Ci ha incuriosito fin da subito questo titolo, Tenerissimo amore. Come tutte le cose che si scorrono al volo non facendo caso, nasconde anch’esso qualcosa che la mente aveva intuito ma doveva indagare con maggiore attenzione.
Tenerissimo amore: un superlativo carico di senso affianco ad una parola evocativa, incompresa e compromessa, perlopiù rischiosa, da arditi .. come a dire: qui si parla di un certo amore, attenzione. Questo amore di cui si parla è quel tenerissimo amore, il quale verrebbe bene da pronunciare tutt’insieme, d’un fiato, tenerissimamore. Comunque, tenerissimo: perché? Non era sufficiente scrivere amore? Tenero amore? Non crediamo tutti che l’amore sia già cosa tenera? Abile il poeta e ingenui noi. Non ogni amore, infatti, è tenero; solo uno, forse (dato il superlativo) è tenerissimo, ossia il più tenero fra i teneri.
Tènero, in latino, custodisce alcune radici significative: del genere di tenuem e tendere, può indicare disteso e sottile al contempo; qualcosa che si tende, perché malleabile.
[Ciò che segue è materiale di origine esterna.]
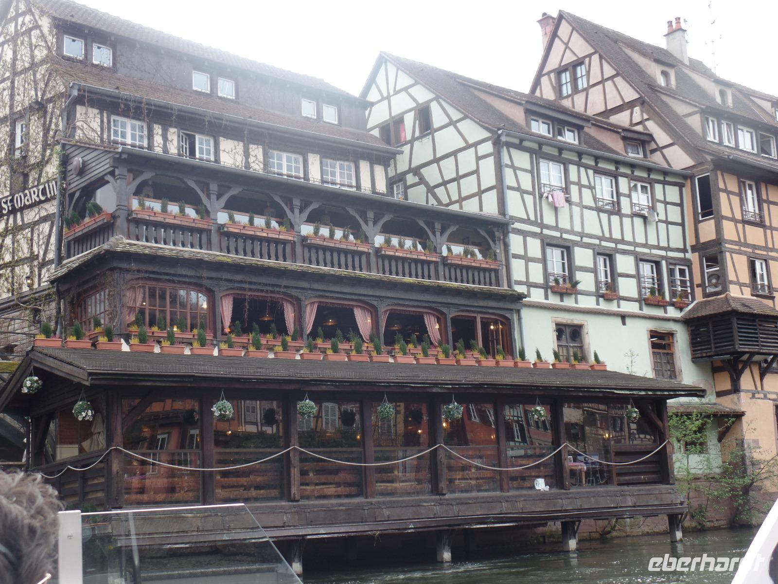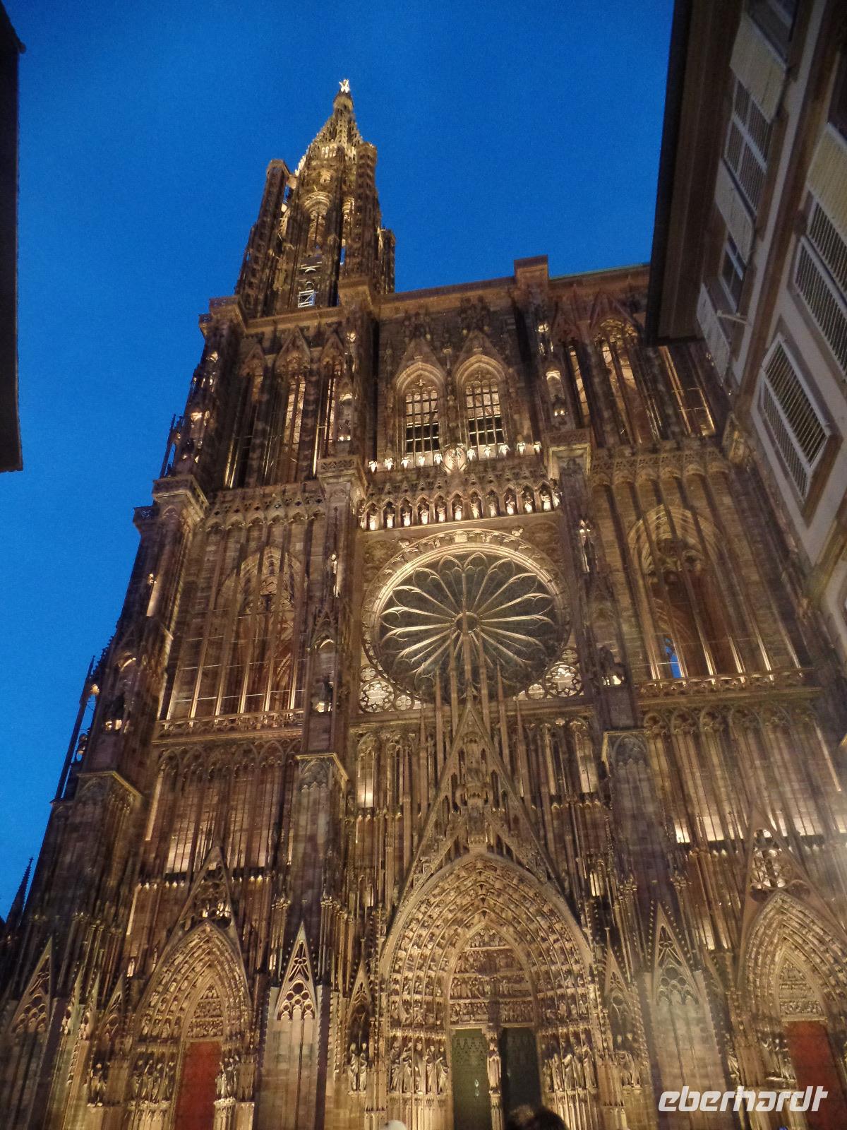 Leider mussten wir Abschied nehmen von unserem schwimmenden Hotel. Unser Busfahrer Jan war pünktlich am Schiff und wir fuhren zurück nach Straßburg. Gemeinsam spazierten wir zum berühmten Straßburger Münster. Wir nutzten die Zeit für einen Besuch des Münsters mit seiner Silbermann Orgel und der Astronomischen Uhr. Nun freuten wir uns auf die Bootsfahrt auf der Ill. Neben den verschieden Stilepochen war natürlich das Viertel La Petite France sehr sehenswert. Im Restaurant Le Flamm kehrten wir zum Flammkuchenessen ein. Flammkuchen so viel wir wollten ob herzhaft oder süß. Die verschiedenen Arten waren sehr lecker. Ein besonderer Höhepunkt war das beleuchtete Straßburg. Besonders das wunderschön angestrahlte Münster. Untermalt wurde das ganze durch eine Gruppe Musiker. Ein toller Abschluss unserer schönen Reise.

Un amore che si tende, che non è rigido, che sa adattarsi. Un amor di altri, lontanissimo dall’amor proprio di cui la nostra società è pervasa. Teso, proteso, atteso. Sottile: leggero, tenue, direi invisibile – e proprio per questo infinitamente tendibile. Come l’aria, come la luce.
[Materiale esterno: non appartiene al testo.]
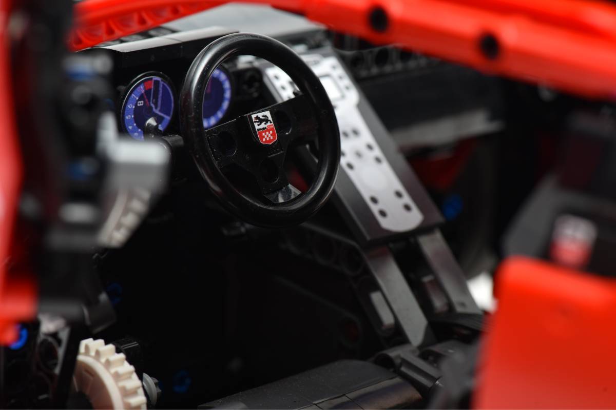 Réplica do exclusivo do GTA Spano construída à escala 1:8 em peças de LEGO atinge 36,5 km/h de velocidade máxima, cortesia de sistema motriz composto por nada menos que 15 motores elétricos; 10 encarregues de mover o veículo e mais cinco que permitem operar a direção, as portas e os travões.

Già, la luce. La poesia di Filippo Davoli mette a tema proprio la luce. La luce che è Cristo, Cristo luce. La luce è la parola che più si ripete nel libro, non saprei contare le volte, e proprio per questo si erge legittimamente in questo caso a vero e proprio topos poetico.
Un bel giorno, sparite le ombre, dilatato
il tempo come nell’alba, mi parve
di scoprire – ma dentro – come una luce nuova
una stabile calma, una pace.
Collimava quell’aura col grande
silenzio di un azzurro spiegato.
E conobbi, ho capito, che fosse
quel volo segreto dell’anima
che al colmo dei crolli si libera
dall’ossessione del cuore.
In questo componimento troviamo molti degli strumenti utilizzati da Filippo Davoli per raffigurare l’inafferrabile: la luce, il silenzio, il volo, il cuore.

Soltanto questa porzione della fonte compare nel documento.